> **What the exercise asks**
Copy the listing below exactly, but skip the pictures.

> **Data segment**
BEGIN
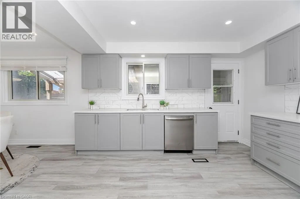 East on Queen's from Fischer Hallman, left on to Eagen Drive Imagine owning two separate homes in one! This fully renovated Forest Hill property offers 2 self-contained units, each with private entrance, kitchen, living space, and full bathroom. Perfect for multi-generational families, investors, or live-in with rental income. The main level features a spacious layout with open-concept eat-in kitchen, formal dining area, and walkout to a large private backyard with patio and mature trees-ideal for entertaining. All 3 bedrooms offer original hardwood floors, windows have been updated, and the roof was redone in 2020. The basement is fully finished with a brand new custom kitchen, stainless steel appliances, modern 3-pc bath, large rec room, games room, and private office space-ideal for an in-law suite or conversion to a legal duplex. Major upgrades throughout: new furnace (2024), 2 brand new kitchens, 2 full appliance sets, upgraded lighting, stylish flooring, mirrored glass doors, fresh paint, and premium finishes top to bottom. Separate front entrance to the lower level enhances privacy and functionality. Live comfortably while generating income or use both spaces for extended family. One of Forest Hill's best locations: walk to public & Catholic schools, community centre, indoor pool, library, parks, and public transit. Just minutes to shopping, groceries, and quick access to Hwy 7/8 & The Boardwalk. A rare turnkey opportunity to own a move-in ready home with income potential and modern design in a highly desirable neighbourhood. Don't miss it! (id:27476)
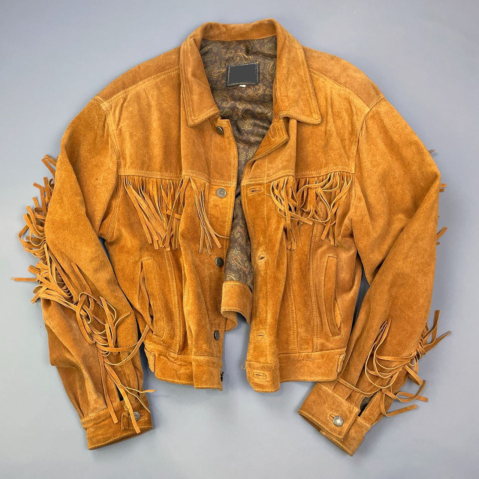 เสื้อแจ็คเก็ตหนังกลับคุณภาพพรีเมียม แต่งชายครุย ดีไซน์สั่งทำได้ แฟชั่นสตรีทแวร์ สไตล์คาวบอย
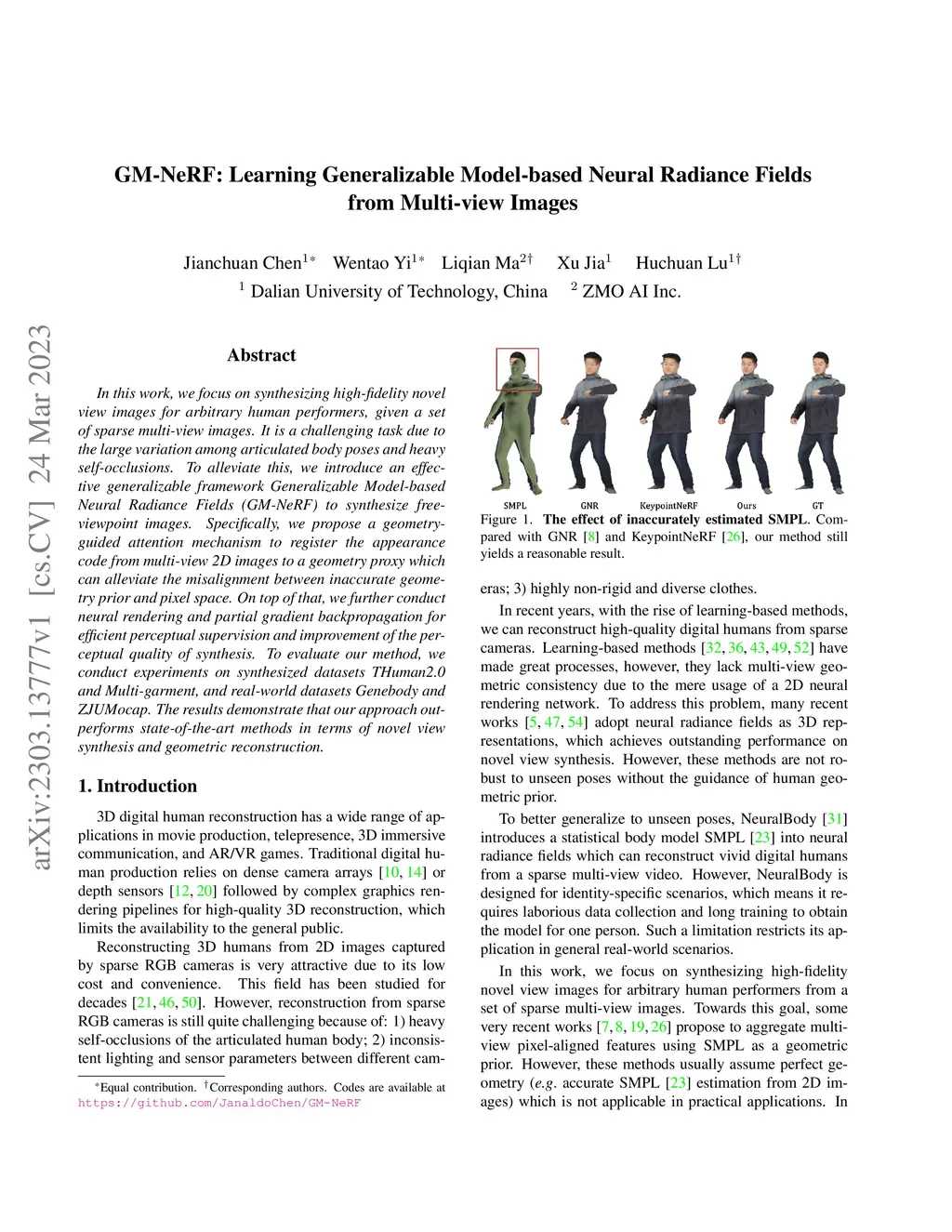 In this work, we focus on synthesizing high-fidelity novel view images for arbitrary human performers, given a set of sparse multi-view images. It is a challenging task due to the large variation among articulated body poses and heavy self-occlusions. To alleviate this, we introduce an effective generalizable framework Generalizable Model-based Neural Radiance Fields (GM-NeRF) to synthesize free-viewpoint images. Specifically, we propose a geometry-guided attention mechanism to register the appearance code from multi-view 2D images to a geometry proxy which can alleviate the misalignment between inaccurate geometry prior and pixel space. On top of that, we further conduct neural rendering and partial gradient backpropagation for efficient perceptual supervision and improvement of the perceptual quality of synthesis. To evaluate our method, we conduct experiments on synthesized datasets THuman2.0 and Multi-garment, and real-world datasets Genebody and ZJUMocap. The results demonstrate that our approach outperforms state-of-the-art methods in terms of novel view synthesis and geometric reconstruction.
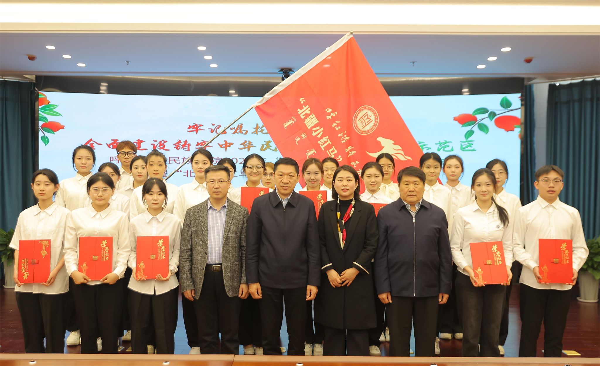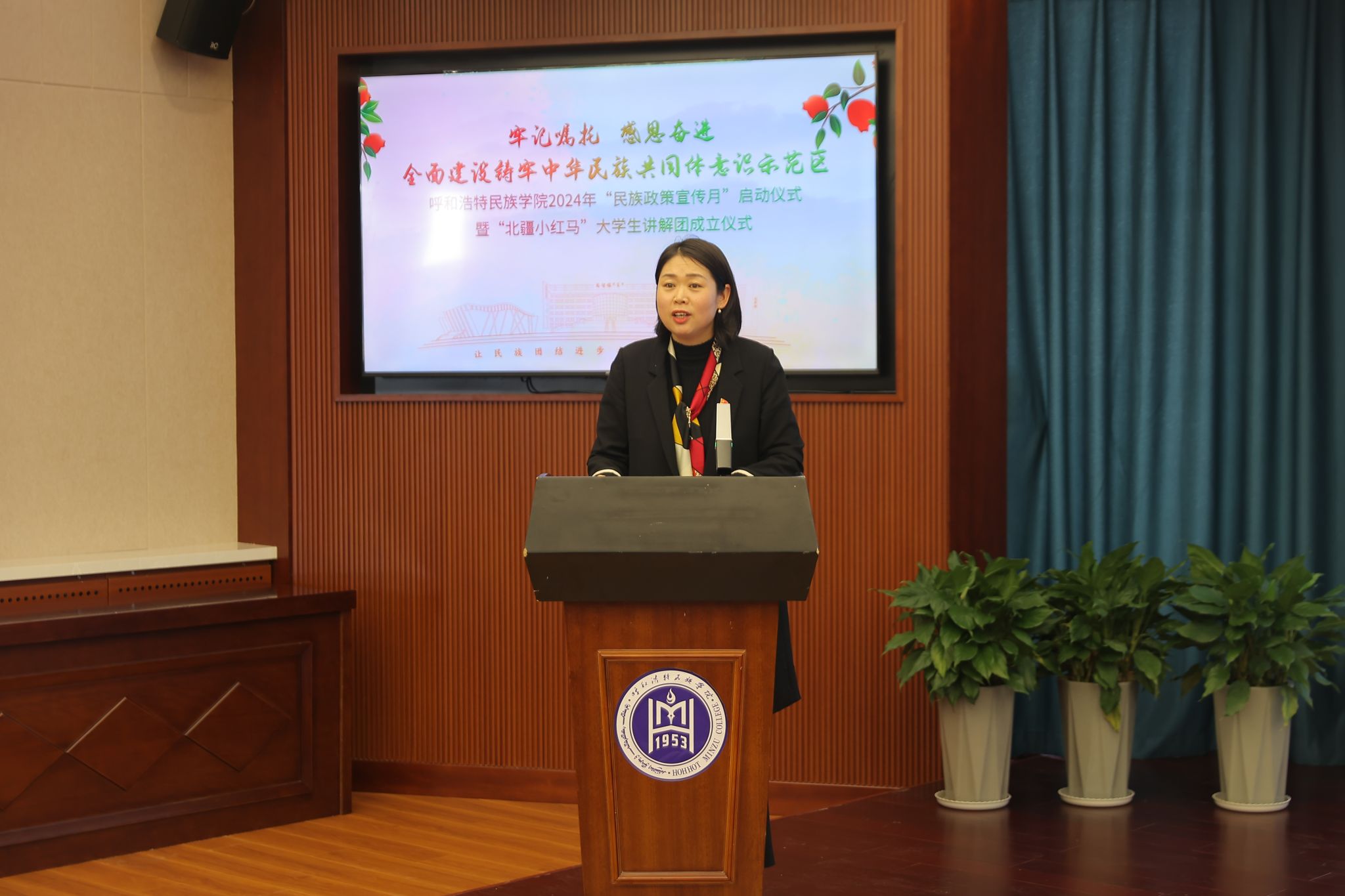 儀式上,劉九萬向“北疆小紅馬”大學生講解團指導教師劉麗穎授旗,格根哈斯作了致辭,額爾敦布和向優秀講解員頒發證書,包君解讀了《民族政策宣傳月活動方案》。
END
> **Worked solution**
 East on Queen's from Fischer Hallman, left on to Eagen Drive Imagine owning two separate homes in one! This fully renovated Forest Hill property offers 2 self-contained units, each with private entrance, kitchen, living space, and full bathroom. Perfect for multi-generational families, investors, or live-in with rental income. The main level features a spacious layout with open-concept eat-in kitchen, formal dining area, and walkout to a large private backyard with patio and mature trees-ideal for entertaining. All 3 bedrooms offer original hardwood floors, windows have been updated, and the roof was redone in 2020. The basement is fully finished with a brand new custom kitchen, stainless steel appliances, modern 3-pc bath, large rec room, games room, and private office space-ideal for an in-law suite or conversion to a legal duplex. Major upgrades throughout: new furnace (2024), 2 brand new kitchens, 2 full appliance sets, upgraded lighting, stylish flooring, mirrored glass doors, fresh paint, and premium finishes top to bottom. Separate front entrance to the lower level enhances privacy and functionality. Live comfortably while generating income or use both spaces for extended family. One of Forest Hill's best locations: walk to public & Catholic schools, community centre, indoor pool, library, parks, and public transit. Just minutes to shopping, groceries, and quick access to Hwy 7/8 & The Boardwalk. A rare turnkey opportunity to own a move-in ready home with income potential and modern design in a highly desirable neighbourhood. Don't miss it! (id:27476)
 เสื้อแจ็คเก็ตหนังกลับคุณภาพพรีเมียม แต่งชายครุย ดีไซน์สั่งทำได้ แฟชั่นสตรีทแวร์ สไตล์คาวบอย
 In this work, we focus on synthesizing high-fidelity novel view images for arbitrary human performers, given a set of sparse multi-view images. It is a challenging task due to the large variation among articulated body poses and heavy self-occlusions. To alleviate this, we introduce an effective generalizable framework Generalizable Model-based Neural Radiance Fields (GM-NeRF) to synthesize free-viewpoint images. Specifically, we propose a geometry-guided attention mechanism to register the appearance code from multi-view 2D images to a geometry proxy which can alleviate the misalignment between inaccurate geometry prior and pixel space. On top of that, we further conduct neural rendering and partial gradient backpropagation for efficient perceptual supervision and improvement of the perceptual quality of synthesis. To evaluate our method, we conduct experiments on synthesized datasets THuman2.0 and Multi-garment, and real-world datasets Genebody and ZJUMocap. The results demonstrate that our approach outperforms state-of-the-art methods in terms of novel view synthesis and geometric reconstruction.
 儀式上,劉九萬向“北疆小紅馬”大學生講解團指導教師劉麗穎授旗,格根哈斯作了致辭,額爾敦布和向優秀講解員頒發證書,包君解讀了《民族政策宣傳月活動方案》。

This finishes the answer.